The third reason Republicans liked her was that she was unpopular outside of the base in her district. She was at many times the face of the Democratic Party in Jacksonville.
Her syntax, grammar and pronunciation were sometimes at war with each other. In addition, she seemed to pick up a new scandal every two to three years. The latest includes a federal indictment for defrauding a charitable organization. To swing voters, especially white swing voters and moderates, she was a reason to dislike the Democratic Party.
In 2012, a statewide referendum to limit gerrymandering passed.
As hard as the Republicans fought to ignore this addition to the Florida Constitution, they eventually had to sacrifice some Congressional seats to be in compliance with the new mandate.
The party decided it could jeopardize a seat or two in Central Florida if one or more could be added in North Florida.
Stretching the district of Congresswoman Brown to Tallahassee, would eliminate the Congressional seat held by Gwen Graham (daughter for former Florida Governor Bob Graham).

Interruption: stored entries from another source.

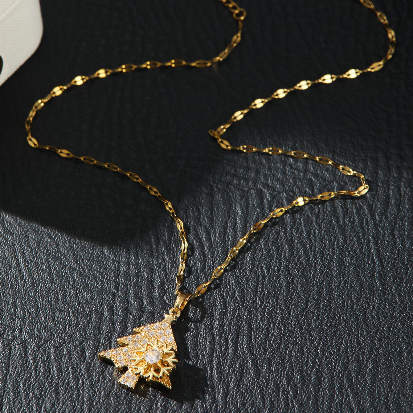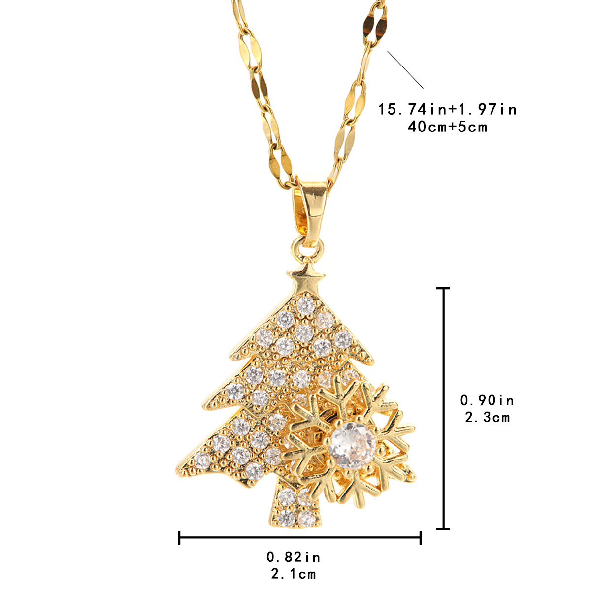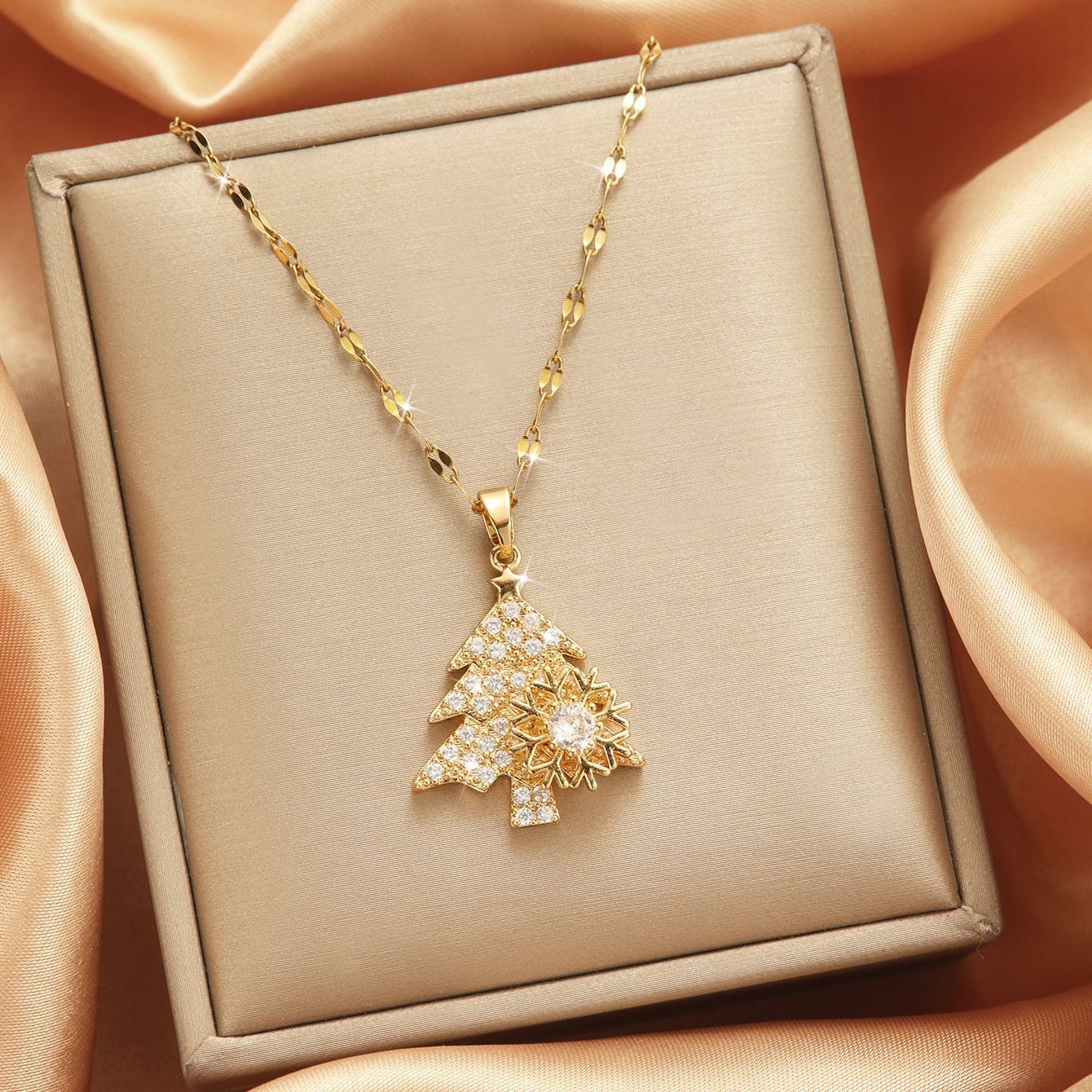 欧美风可旋转雪花圣诞树钛钢项链女微镶满钻时尚圣诞节热卖锁骨链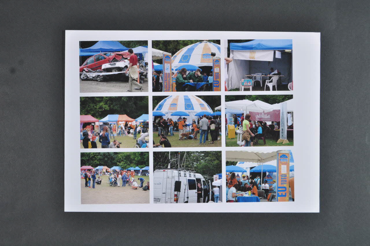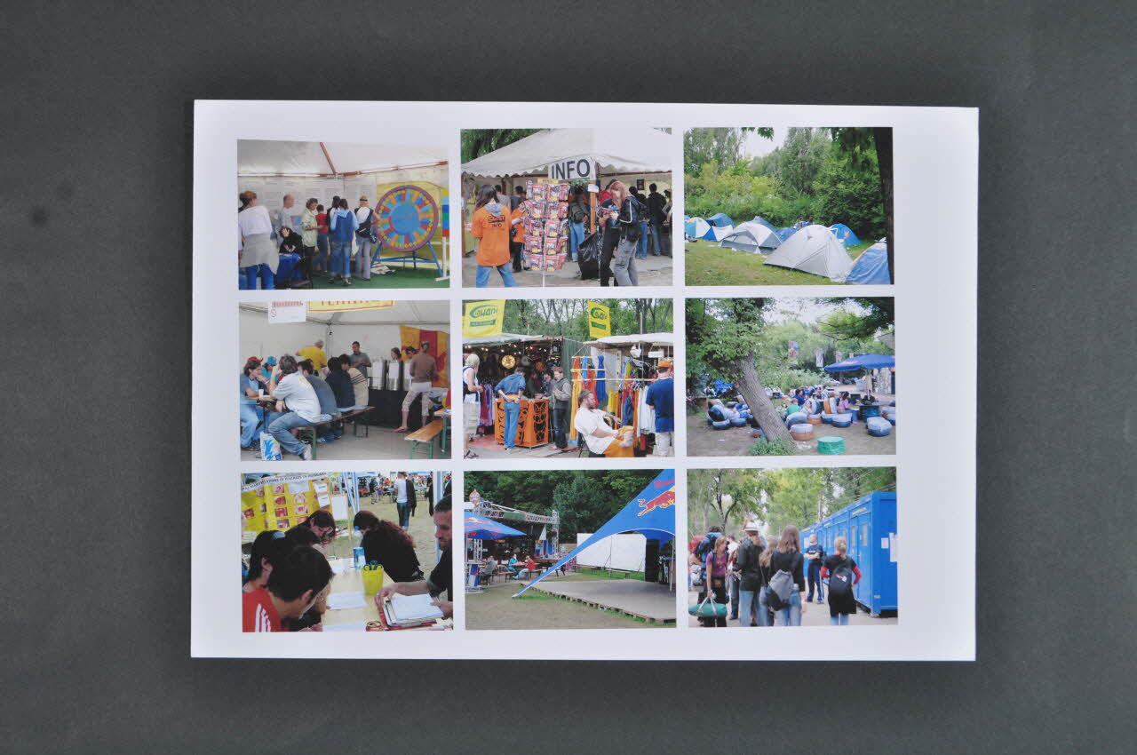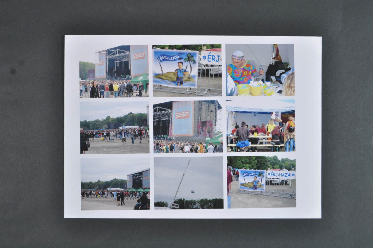 Les photos sont des vues du festival : le podium avec "Sziget" en grand, la foule, les buvettes, les tentes, les stands de vêtements, le village associatif.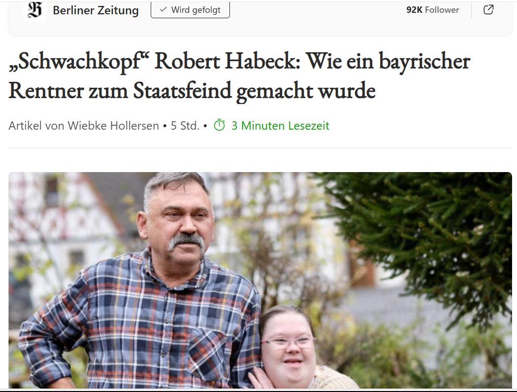 Das Ganze ist für Habeck und seine zensurgeilen Genossen nach hinten losgegangen. Warum? Weil der vom Staat terrorisierte Rentner sich an die Öffentlichkeit gewandt hat und sich nicht einschüchtern lassen hat.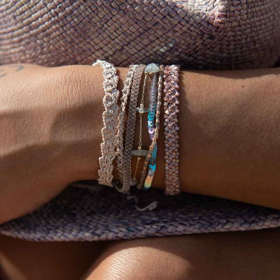 Häkel Armband mit verschiedenen Edelsteinen & Vermeil Perlen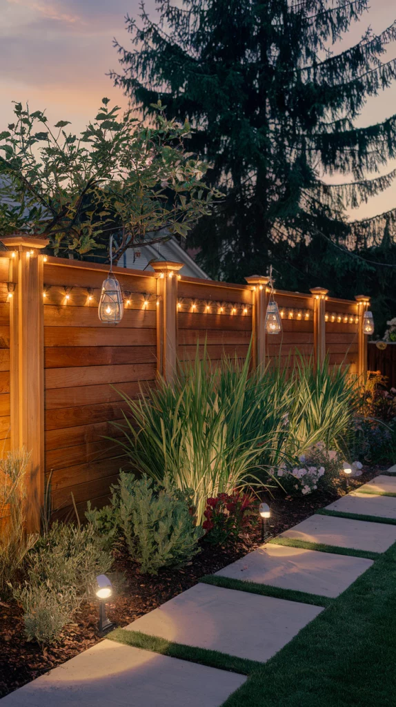 Strategic outdoor lighting enhances the ambiance and functionality of a fence landscape. Install LED strip lights along fence posts for a modern touch, or use solar-powered lanterns for an eco-friendly glow. String lights draped along the top of the fence add a cozy, inviting atmosphere, while uplights placed at the base highlight textures and plants.

There is almost no way a Democrat could win Graham’s old seat now. This created an additional Republican member of Congress from North Florida.
Also, by dispersing Brown’s district to include Tallahassee the Republicans could help pick someone from the state’s capital to defeat her. They found former State Senator Al Lawson, who was friendly to conservative business interests like big sugar, developers and insurance companies.
This movement was spearheaded by Jacksonville political operative Susie Wiles and coordinated with Republican lobbying firms and PACs in Tallahassee. Wiles has traditionally worked for Jacksonville and the interests of Northeast Florida.
But in the primary election, she was critical to shifting national political power away from Jacksonville and to Tallahassee. Wiles is a lobbyist for a Tallahassee firm so it may have been an effort to boost the firm’s clients. According to Wiles, Lawson has an existing relationship with the firm.
Many Jacksonville conservatives, and the reporters who laud them, celebrated the defeat of Corrine Brown the night of the primary election. Little was written or said about Jacksonville’s diminished clout in nation’s capital.
For the last 24 years Jacksonville residents have held two seats in the U.S. House of Representatives. After the primary election, Jacksonville is down to one.